I also have a baby who just turned one Saturday. SHE is a delight to take anywhere, even with walking now. She might walk to the edge, just out the door a step, but she looks and comes back. Easy.

Honestly though the kid listens to everyone BUT me. (OK that's not true, when I am doing other things but can hear what goes on, he doesn't listen to my mom either. That is the ONE time I intervene and he listens to me.)

His dad can take him to the grocery store and he sits in the cart. Without jumping from the kid seat to the basket. No begging to get out. And it doesn't matter WHAT cart it is, doesn't have to be one of those stupid hard-to-drive car ones or anything.

I have watched him when I drop him off at preschool. He runs over to where he is supposed to be and joins right in the group. It's always greeting, so he knows he's supposed to get on a camel picture and he joins right in the song or whatever. Stays there too, I have stayed and watched for several minutes.
His teacher says he is 'fine' and she has not said anything about any problems at school.

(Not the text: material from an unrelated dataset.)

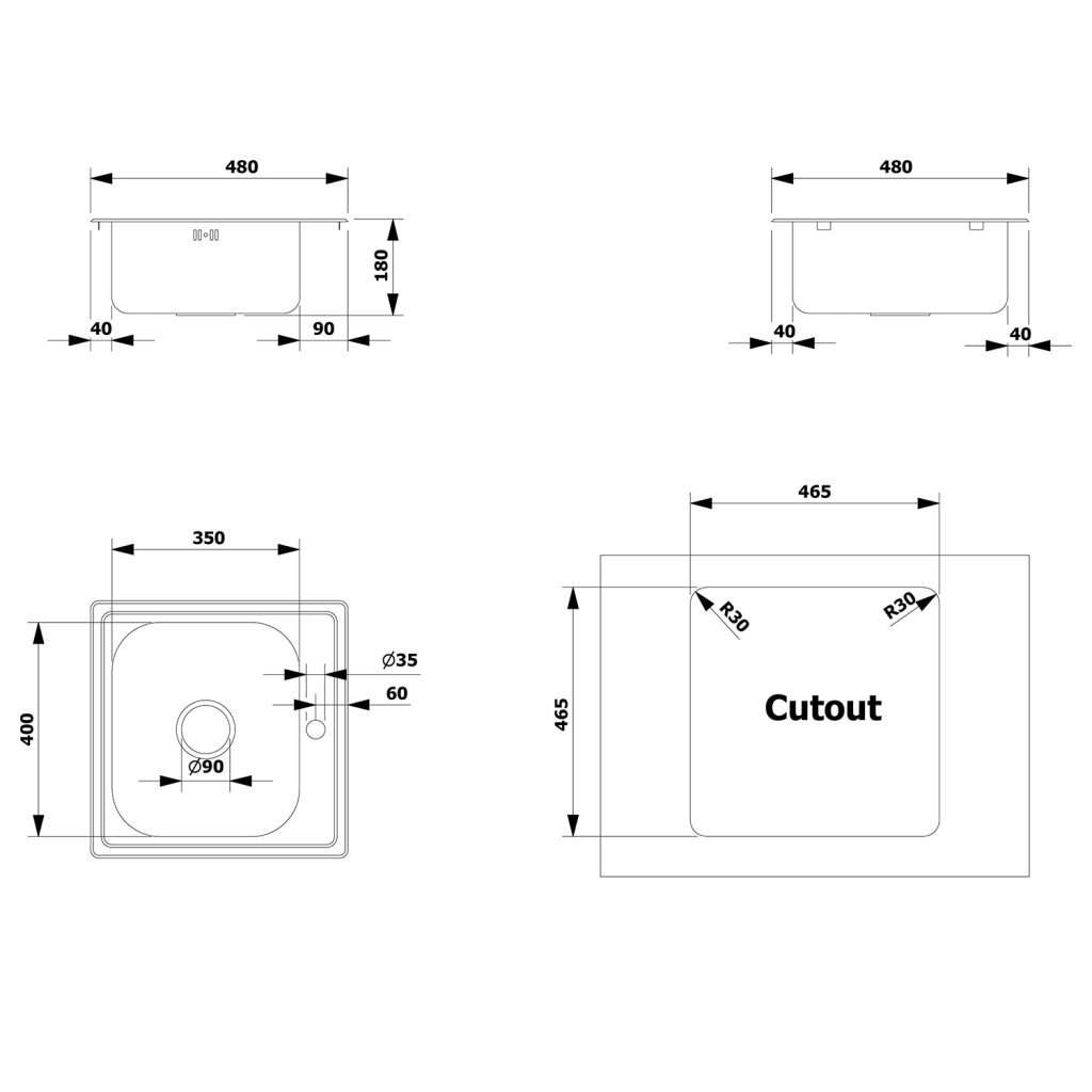 Aqualine, Nerezový dřez 48x18x48cm, AQ4848B

So WHY can't *I* take him to the da*n store? WHY can't I take him someplace and have him stay in a room where he has activities that he thinks are fun at home (books, puzzles) and a couple of his best friends to play with???

and to top it off, we ended tonight with a major meltdown when the library was closing and we had to leave.
I was trying to get him in his carseat and he was screaming and wiggling his way out for all he was worth. My mother had found her way into my voice box. ("The library is CLOSING. This is NOT A CHOICE. GET IN YOUR SEAT!!!")

The only highlight of tonight was I realized just short of "FINE stay here and sleep in the parking lot then!" what was going on....
I've been reading (slowly) Raising our children, raising ourselves. And I remembered something out of there...
And I said "I know. You don't want to leave your friends. I don't want to leave my friends either."

And I think I am onto something.......because the full-blown wail turned into some sniffling and a sob or two, the wiggling and writhing out of the seat stopped. He was still saying he didn't want to leave, but I was now able to buckle the seat because he'd stopped moving.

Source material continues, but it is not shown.